PhDr. Ludvík Hlaváček (born 1940 in Prague) studied art history at the Faculty of Arts of Charles University in Prague. In the 1960s and 1970s, his studies focused on the phenomenological philosophy he had learned from Jan Patočka. When he signed Charter 77 in 1977, he had to leave the Institute of Theory and History of Art of the Czechoslovak Academy of Sciences and worked as a manual labourer until 1989. Between 1984 and 1989 he co-authored, along with a group of art historians, the samizdat journal "Někdo něco," which was devoted to contemporary art criticism. In the early 80s he was influenced by postmodernism and the work of Zdeněk Bonaventura Bouše.
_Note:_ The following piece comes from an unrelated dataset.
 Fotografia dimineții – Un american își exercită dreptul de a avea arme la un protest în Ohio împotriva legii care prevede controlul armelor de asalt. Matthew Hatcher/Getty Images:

After 1989, he was editor of the magazine Výtvarné umění and again joined the Institute for Theory and History of Art of Czech Academy of Science. In 1992, he was commissioned to set up and run the Soros Center for Contemporary Art in Prague. Today, he is the director of the Foundation for Contemporary Art and teaches at the Faculty of Art and Design of Jan Evangelista Purkyně University in Ústí nad Labem.
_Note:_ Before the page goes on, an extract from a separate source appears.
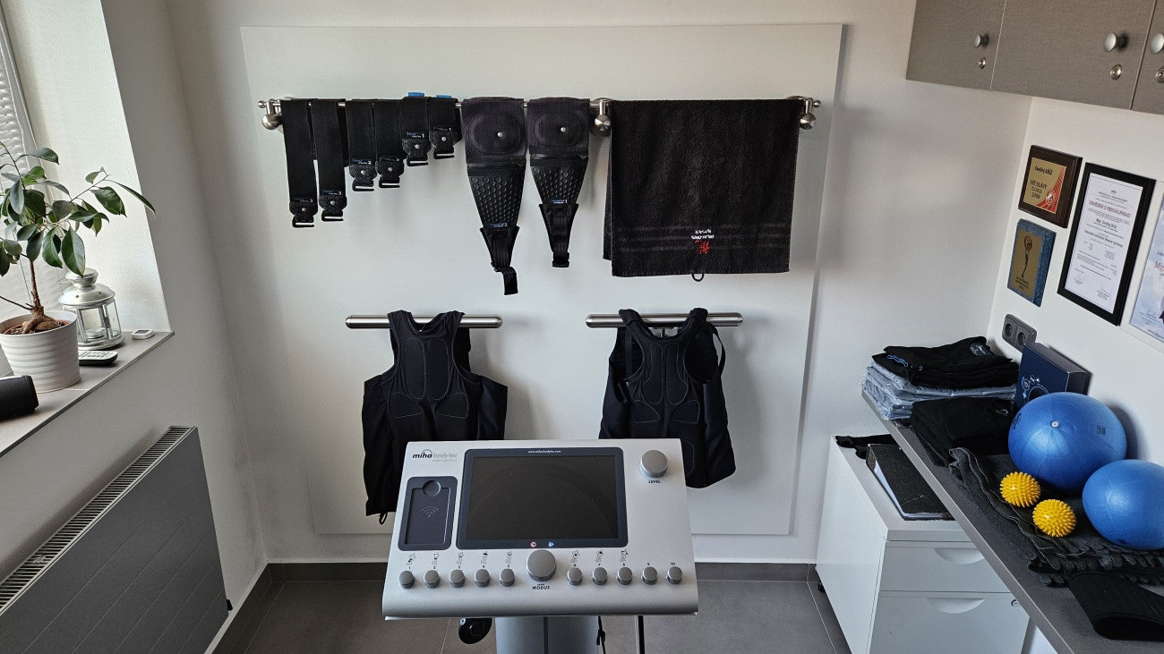 Trénink probíhá na přístroji "miha bodytec II medical" německého výrobce.

Soros Center for Contemporary Art Prague (SCCA Prague)
The Center for Contemporary Arts Prague (CCA Prague) - originally the Soros Center for Contemporary Art Prague (SCCA Prague) was founded in 1992. For ten years, CCA Prague was supported by the philanthropist George Soros (Open Society Institute New York) with an annual grant of USD 200,000 and through the financing of the participation of the Czech Republic at international exhibitions (Sao Paulo, Manifesta 1,2), creative residencies by Czech artists in global art centers, subscriptions to important specialist magazines, etc.
During these ten years, CCA Prague created a library comprising extensive documentation, organized five large exhibitions, three of which could be deemed trailblazing in their field (Orbis Fictus in 1996 was the first Czech exhibition devoted to new media, Artwork in Public Spaces 1997–98 gave a boost to the activities of public art, and Politiku-um / New Engagement in 2002 ushered in a tradition of exhibitions of political art). Since 1997, CCA Prague has organized a total of 160 exhibitions of young Czech artists, also in the gallery Regionální chodba and the Jelení Gallery.
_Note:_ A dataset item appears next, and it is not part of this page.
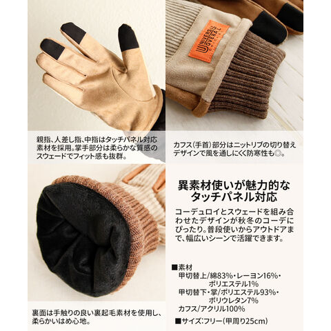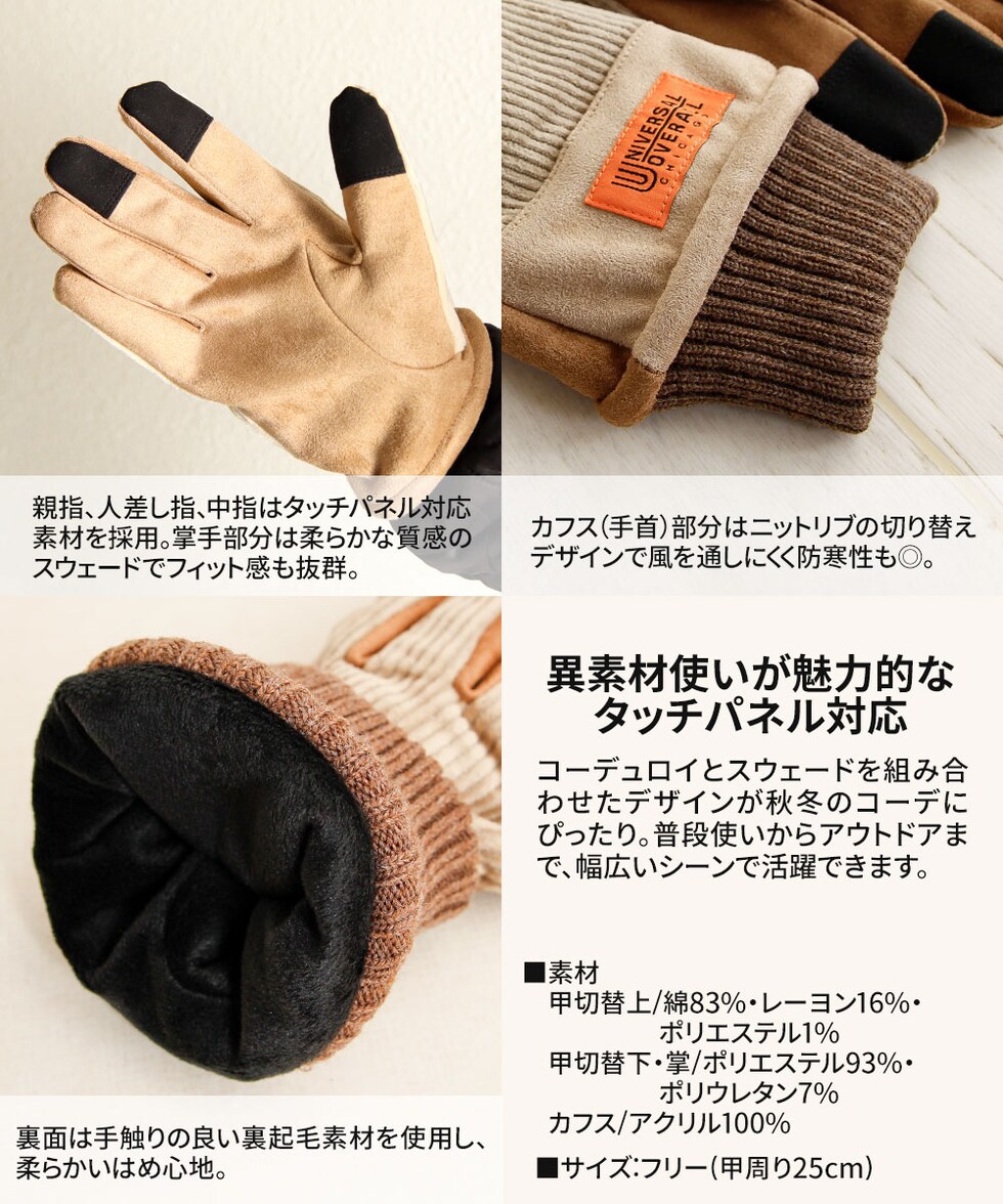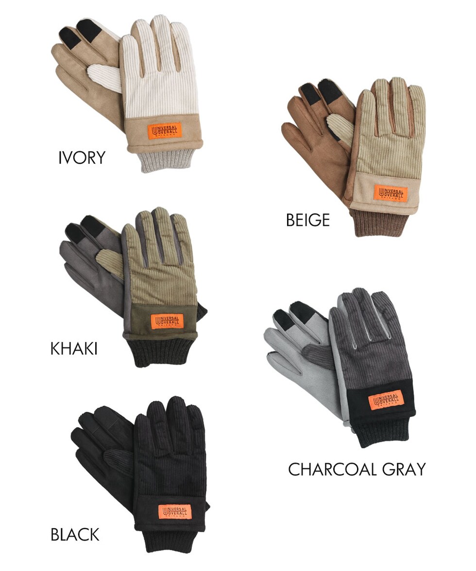 UNIVERSAL OVERALL ユニバーサルオーバーオール 手袋 防寒 グローブ 暖かい コーデュロイ スマホ対応 ブランド スマホ t1326

The center was also active in the sphere of creative residencies for artists. In 1994, CCU Prague was the founding member of Res Artis, an international association of residential centers. At the same time it was the project administrator of ArtsLink, as part of which Czech artists and curators had the chance to travel to the USA on study trips. In 1997, CCU Prague opened three studios in a building in Jelení Street and from 1998 to 2002 rented the Čimelice Castle for this purpose. Up until now, CCA has arranged residencies for approximately two hundred foreign artists in the Czech Republic. Since 1995, thanks to the significant financial assistance of the American privately-run Trust for Mutual Understanding, CCA has sent dozens of Czech artists to important foreign art centers.